Cash Payment, which must be paid within 90 days.

Short-Term Deferred Payment Offer, which may be paid after 90 days but within two years.

Deferred Payment Offer, which allows payment past two years, but must not exceed the statutory period for collection of 10 years.

Liabilities to Be Compromised

To submit an Offer in Compromise, IRS Form 656 must be completed. Additionally, you must submit Form 433-A, Collection Information Statement of Individuals, or Form 433-B, Collection Information Settlement for Businesses, if the offer is based on the doubt that the taxpayer could ever pay the full amount of tax owed. The OIC offer should be a fair and reasonable one with the intention to satisfy the debt based on a true ability to pay.

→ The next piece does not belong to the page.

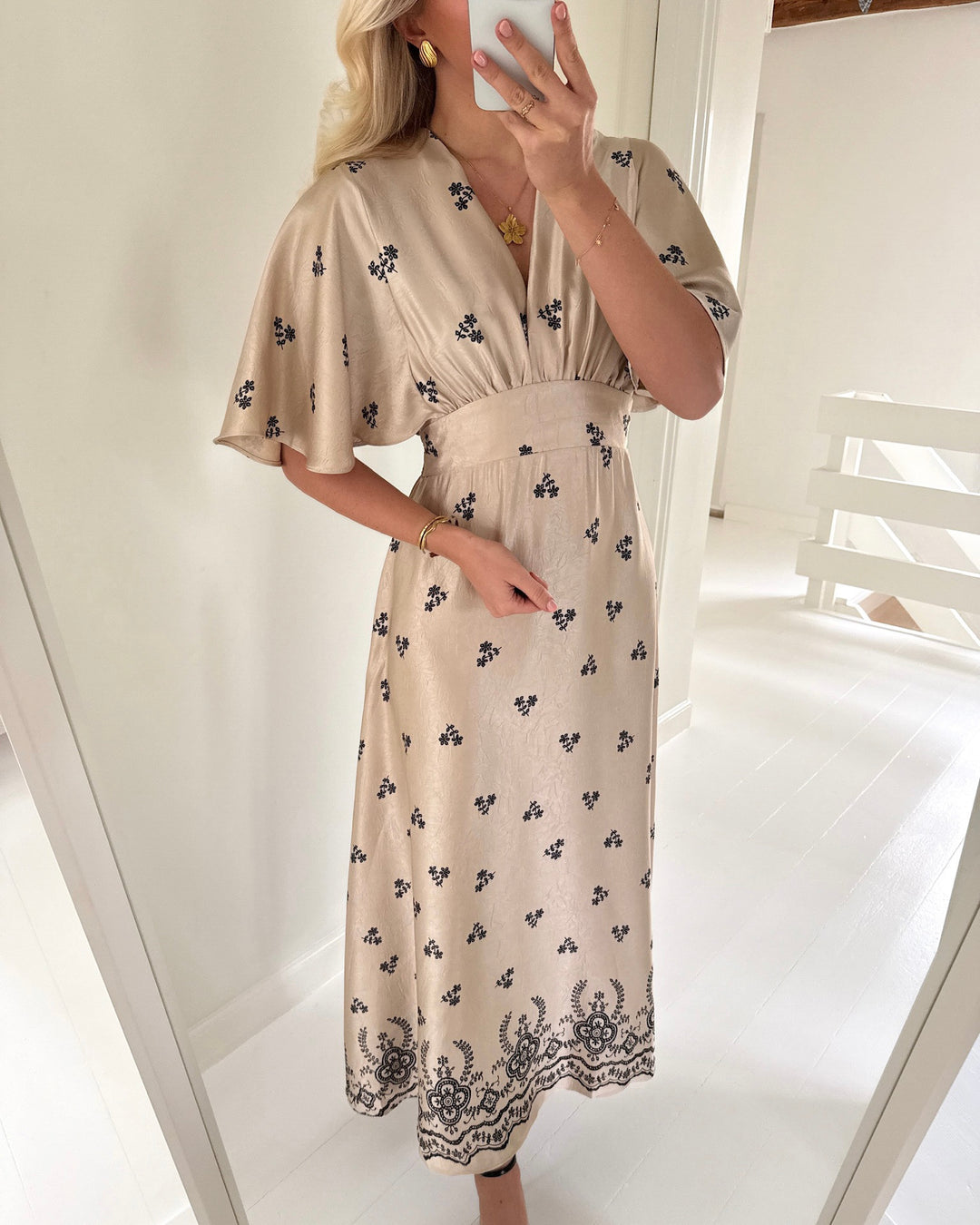 Sister's Point kjole gisela-dr24 champagne/black flower

The Form 433-OIC Worksheet is used in mathematically determining what a reasonable offer can be. An inadequate offer could be rejected without an opportunity to appeal the final determination made by the IRS.

All new Offers in Compromise from taxpayers living in Alaska, Alabama, Arizona, California, Colo- rado, Hawaii, Idaho, Kentucky, Louisiana, Missi-ssippi, Montana, Nevada, New Mexico, Oregon, Tennessee, Texas, Utah, Washington, Wisconsin, and Wyoming are filed in the Memphis Internal Revenue facility in Memphis, Tennessee, while all other states submit offers to the Brookhaven Internal Revenue Service facility in Holtsville, New York.

Evaluation of the Offer

The IRS will determine your client’s future income potential and ability to pay the obligations by evaluating the taxpayer’s education, profession or trade, age and experience, health, and overall history of filing and paying taxes. An Offer in Compromise is not considered if your client has not filed all federal tax returns or is presently involved in an open bankruptcy proceeding. Other considerations in determining payment include the current borrowing or liquidation value of marketable securities, cash values in life insurance policies, and IRA and Keogh accounts. However, any assets in 401(k) qualified retirement plans are not included in the determination of ability to pay. Personal property and real estate property values are reviewed at ownership percentage and appraisal values as well. If the taxpayer is a shareholder in a closely-held corporation, any interest over $10,000 is considered income for the repayment plan. This prevents any assets from accumulating in the corporation.

Only One Chance

Neither the taxpayer nor the government can reopen a settled case unless there was falsification of information, concealment of assets, or mistakes of material facts. To insure that taxpayers are not repeat offenders, the IRS requires a written agreement from the OIC taxpayer to file and pay taxes on time for the subsequent five years. If the taxpayer fails to comply with this obligation, then the original agreement is voided and the old tax debt, including interest and penalties, are returned to the IRS collection division and a Notice of Federal Tax Lien is filed on the tax liabilities. If your client filed a joint offer with his spouse or ex-spouse, the agreement will not default even if his spouse or ex-spouse violates the future compliance provisions.

How It Works

The negotiation process with the IRS will take place by mail, over the phone with the ACS Unit (Automated Collection System), or in person with an IRS Revenue Officer. If the amounts owed are more than $20,000, a Revenue Officer is personally involved with satisfying the case. In reality, very few of the Offers in Compromise applications are approved. However, the IRS will accept an offer that reflects potential collection. The OIC process is a legitimate alternative to satisfy a tax delinquency for the taxpayer at the earliest time and at the lowest cost to the government. When appropriate, an Offer in Compromise can be a win-win situation for the taxpayer and the government.